Purpose: The aim of this in-vitro study was to investigate the antimicrobial efficacy of identical experimental toothpastes with different stannous sources.
Materials and Methods:Streptococcus mutans biofilms were grown on protein-coated glass disks in static conditions for 24 h and thereafter exposed to toothpaste slurries or physiological saline (negative control; n = 15) for 30 s. Four experimental toothpastes were applied in this study, containing either stannous chloride (SnCl2; B: 3500 ppm Sn2+, and D: 3600 ppm Sn2+) or stannous fluoride (SnF2; C: 3500 ppm Sn2+, and E: 3600 ppm Sn2+). Marketed toothpaste meridol® (A: 3300 ppm SnF2) served as control. All five toothpastes contained amine fluoride (AmF). The biofilms were placed on agar surface and their metabolic activity was assessed by isothermal microcalorimetry over 96 h. The heat flow data was analysed for growth rate and lag time using grofit package in software R. Additionally, reduction of active biofilm compared to untreated control was calculated.

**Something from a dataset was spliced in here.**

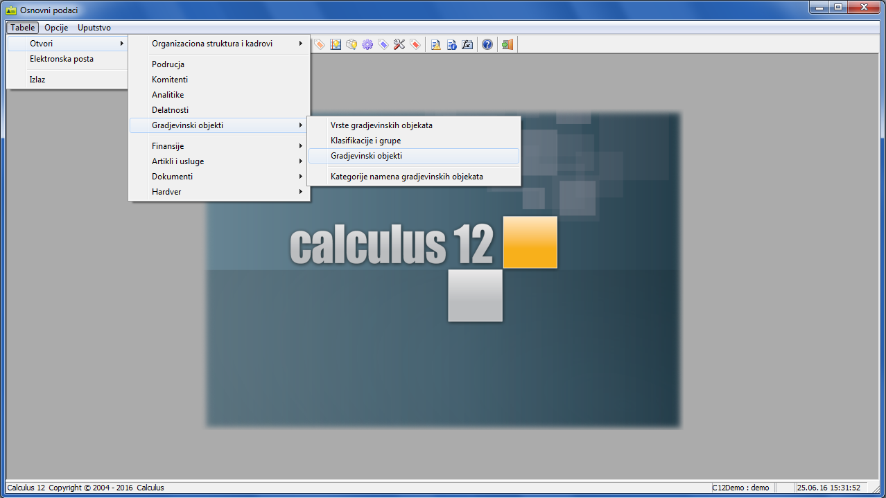 U glavnom meniju programa "Osnovni podaci" odaberite stavku "Tabele - Otvori - Građevinski objekti - Građevinski objekti"

Results: All toothpastes significantly prolong the lag time of treated biofilms in comparison to negative control (p < 0.05). Toothpastes containing SnF2 (C and E) prolonged the lag time statistically significantly compared to toothpastes containing SnCl2 (B and D) (p < 0.05). The maximum growth rate was statistically significantly reduced by all tested toothpastes compared to the untreated control group (p < 0.05). Toothpastes containing SnF2 (A, C and E) reached 59.9 ± 7.8, 61.9 ± 7.7, and 55.6 ± 7.0% reduction of active biofilm, respectively. Thus, they exhibit statistically significantly better results than toothpastes B (52.9 ± 9.9%) and D (44.7 ± 7.6%). Toothpaste D, which contains a slightly higher concentration of Sn2+, was the least effective in reducing active biofilm.
Conclusion: The toothpastes containing SnF2 combined with AmF had the highest antimicrobial efficacy in this study.